Anatomical evidence first suggested the existence of synaptic contacts between corticostriatal afferents and striatal LTS interneurons (Vuillet et al., 1989). The anatomical evidence regarding thalamic input to these cells is less clear-cut. In monkeys, it has been shown that those interneurons receive direct input from the centromedian thalamic nucleus (Sidibe & Smith, 1999) but another study in rats failed to report any direct input arising from the PfN (Kachidian et al., 1996).

Whole cell recordings have confirmed direct monosynaptic input from the cortex both with electrical (Kawaguchi, 1993; Ibanez-Sandoval et al., 2011) and optogenetic stimulation (Assous et al., 2017; Fig. 1EG). In contrast to other interneurons as well as SPNs, cortical activation induces spikes and also long-lasting plateau potentials in LTS interneurons (Kawaguchi, 1993; Ibanez-Sandoval et al., 2011; Assous et al., 2017; Fig. 1F). Cortical synapses onto LTS interneurons are strongly depressing, in marked contrast to the short-term facilitation observed in corticostriatal responses onto SPNs and FSIs (Assous et al., 2017; Fig. 1G).

Using juxtacellular recording and labeling in vivo, it has been demonstrated that during cortical slow wave activity NOS+ (LTS) interneurons displayed a heterogeneous firing pattern; some of them exhibited tonic activity, while others were phasically active (Sharott et al., 2012). Interestingly, during cortical activation (which presumably replicates more closely the awake cortical state) the firing pattern of LTS interneurons is phasic and indistinguishable from that of SPNs, which differs from the tonic activity reported or LTS interneurons in slices (Partridge et al., 2009; Ibanez-Sandoval et al., 2011; Beatty et al., 2012; Assous et al., 2017).
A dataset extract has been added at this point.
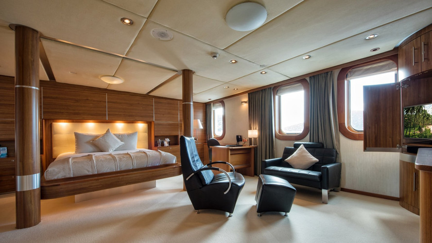 Sherakhan biedt accommodatie aan maximaal 26 gasten in 13 suites, bestaande uit een master suite, twee VIP-hutten, vier tweepersoonshutten en zes tweepersoonshutten. De uiterst ruime mastersuite met volledige lichtbundel heeft een eigen studeerkamer. U vindt er genoeg om u bezig te houden en te vermaken, zoals een sauna om u te helpen detoxen en te regenereren. Voor de ultieme ontspanningservaring biedt het jacht een luxe spa en kunt u een bezoek brengen aan de goed uitgeruste fitnessruimte zodat u uw fitnessroutine op zee kunt bijhouden. Wat uw activiteiten ook zijn, u zult merken dat een aantal indrukwekkende functies naadloos zijn geïntegreerd om u te helpen, zoals Wi-Fi-connectiviteit, zodat u altijd verbonden kunt blijven, mocht u dat willen. Ervaar volledig comfort tijdens het charteren dankzij airconditioning.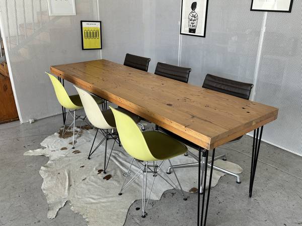 Current designs shown with stainless steel hairpin legs for a modern, minimalist touch

In this study, LTS interneurons were the only neuronal population reported to reduce their firing rate when transitioning from slow wave activity to cortical activation (Sharott et al., 2012).

Surprisingly, in sharp contrast to NGF interneurons, we found that the vast majority of LTS interneurons did not receive monosynaptic excitatory input from the PfN (Assous et al., 2017). Rather, the most common response of LTS interneurons to PfN optogenetic stimulation was a disynaptic inhibition that resulted from monosynaptic thalamic activation of THINs that then synapsed onto LTS interneurons as discussed above (Assous et al., 2017; Fig. 2EI).

In cell cell-attached recordings, most LTS interneurons responded to optogenetic stimulation of the thalamus with a relatively long pause followed by a rebound increase of activity (Fig. 2F,G) which, as described above, is also the main response observed in TANs in vivo after thalamic stimulation or following the presentation of a salient stimulus, a behavior known to engage the intralaminar nucleus (See above; Aosaki et al., 1994; Graybiel et al., 1994; Matsumoto et al., 2001; Blazquez et al., 2002; Minamimoto & Kimura, 2002). Those data combined with their similarity in spontaneous tonic firing activity (at least in slice; Beatty et al., 2012; M. Assous & J.M. Tepper, unpublished) suggest that potentially some of the TANs recorded in vivo in the previously described experiments might in fact be LTS as suggested previously (Ibanez-Sandoval et al., 2011; Beatty et al., 2012).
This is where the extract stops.